Salvas, vítores e irreverencias

Los actos de traspaso presidencial en Honduras se llevan a cabo desde hace más de setenta y cinco años en el Estadio Nacional, lugar al que se traslada en pleno el Congreso Nacional para desarrollar la sesión en la que se toma la promesa de ley al Presidente que asume funciones

  • Actualizado: 04 de julio de 2025 a las 00:00

Los actos de traspaso presidencial en Honduras se llevan a cabo desde hace más de setenta y cinco años en el Estadio Nacional, lugar al que se traslada en pleno el Congreso Nacional para desarrollar la sesión en la que se toma la promesa de ley al Presidente que asume funciones. El aforo de la instalación deportiva permite que miles de personas del pueblo -usualmente afines al partido del nuevo titular del Poder Ejecutivo- puedan acompañar y atestiguar el solemne acto.

La presencia popular en esa “versión ampliada” del Palacio Legislativo tiene un profundo contenido simbólico. No solo se suma a la de sus mandatarios ahí convocados (diputados), sino que es una muestra representativa de la ciudadanía del país que con sus votos ungió tanto a estos como al presidente y designados que inician ese día sus funciones.

Al que llaman “pueblo-pueblo”, aprovecha bien la ocasión no solo para ver de cerca a los que pocos meses atrás rogaban sus sufragios, sino también para dedicar sonoros aplausos a quienes gozan de su admiración. Sin embargo, como ocurre en las justas deportivas, el júbilo y vítores por el reciente triunfo se transformarán eventualmente en silbidos y exclamaciones poco elegantes, especialmente si los protagonistas de hoy no llenan las expectativas generadas.

Hace varios años, un presidente saliente sugirió que no acudiría a la toma de posesión del sucesor porque temía ser objeto de rechiflas en el estadio. Fue necesario que el nuevo mandatario se pronunciara ante medios de comunicación para garantizar lo contrario
-con los riesgos de incumplimiento implícitos- e hiciera gestiones con la dirigencia de las bases de su partido para aplacar ánimos.

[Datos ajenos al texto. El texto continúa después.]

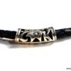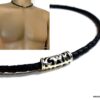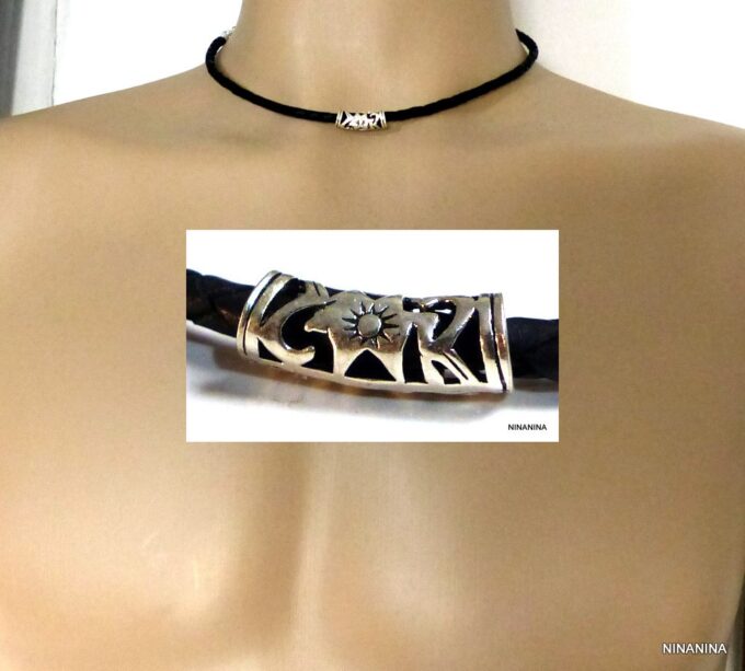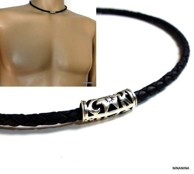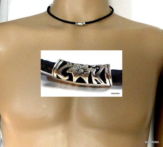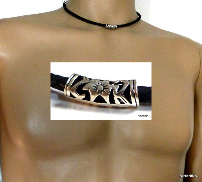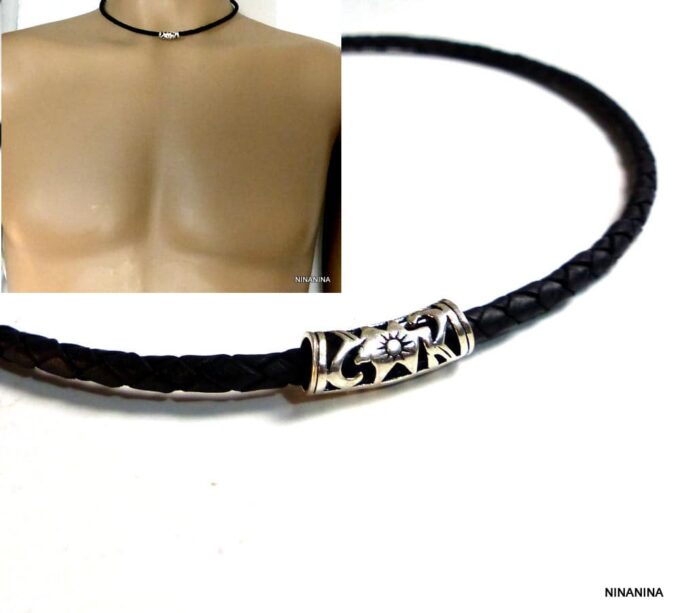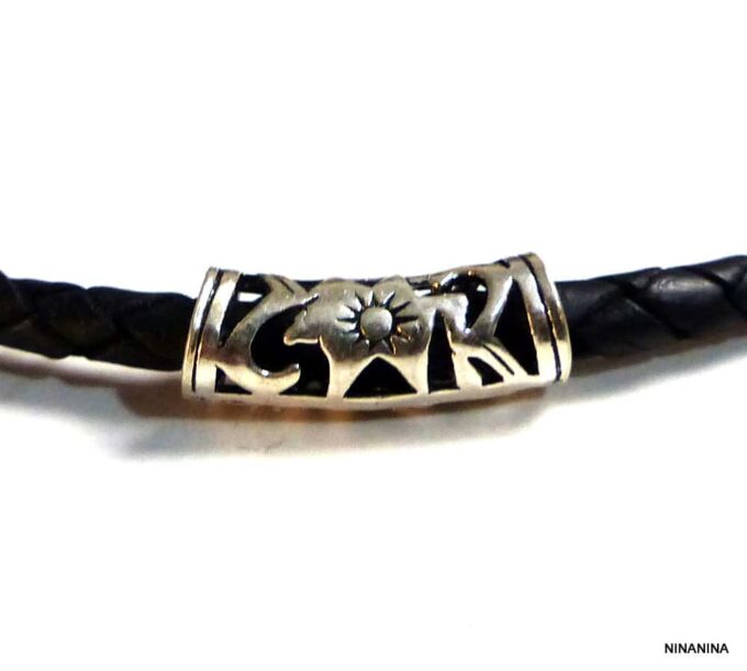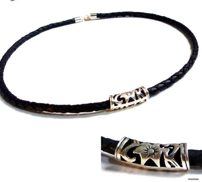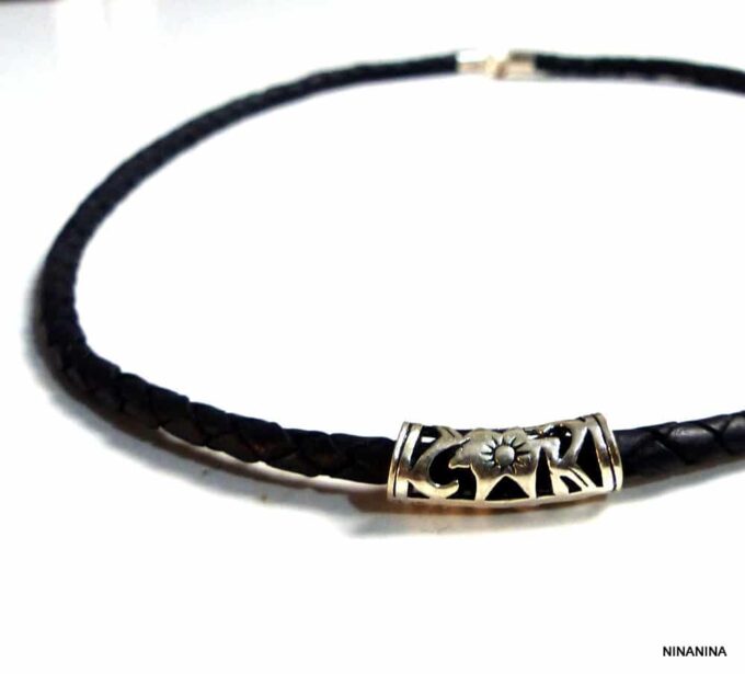 Collier homme cordon cuir tressé tube argent massif composé d’une perle tube filigranée en argent 925 montée sur un cordon de cuir tressé noir.

Aunque la ceremonia ha perdido -por retiro obligado- la inigualable “voz oficial” de don Nahúm Valladares, todavía conserva símbolos como el reconocimiento internacional (representado por la visita de dignatarios extranjeros) y el leal saludo militar al nuevo Comandante General, con revista de tropas y veintiún salvas de artillería -cuyo origen se remonta a la Europa del siglo XIV. Sin embargo, en medio de su solemnidad, cuenta con momentos de franca espontaneidad, propias de los lugares donde se concentran masas.

Anfitriones y personal de protocolo contienen la respiración durante la jornada, ante la posibilidad que el público asistente demuestre sin recato sus antipatías hacia los invitados especiales, sin importarles su origen nacional, cargo o condición de dignatarios extranjeros y representantes de gobiernos. Los medios de comunicación muestran sin atenuantes quiénes fueron aclamados efusivamente o abucheados sin piedad.

Estas expresiones colectivas forman parte ya de la ceremonia. Al fin y al cabo se trata de una oportunidad sin igual para demostrar con sinceridad los sentimientos que, al igual que con las elecciones, solo se repite cada cuatro años... y, como suele acontecer con lo singular -como esos tránsitos colectivos de amar a odiar-, adquiere notable valor histórico y emocional.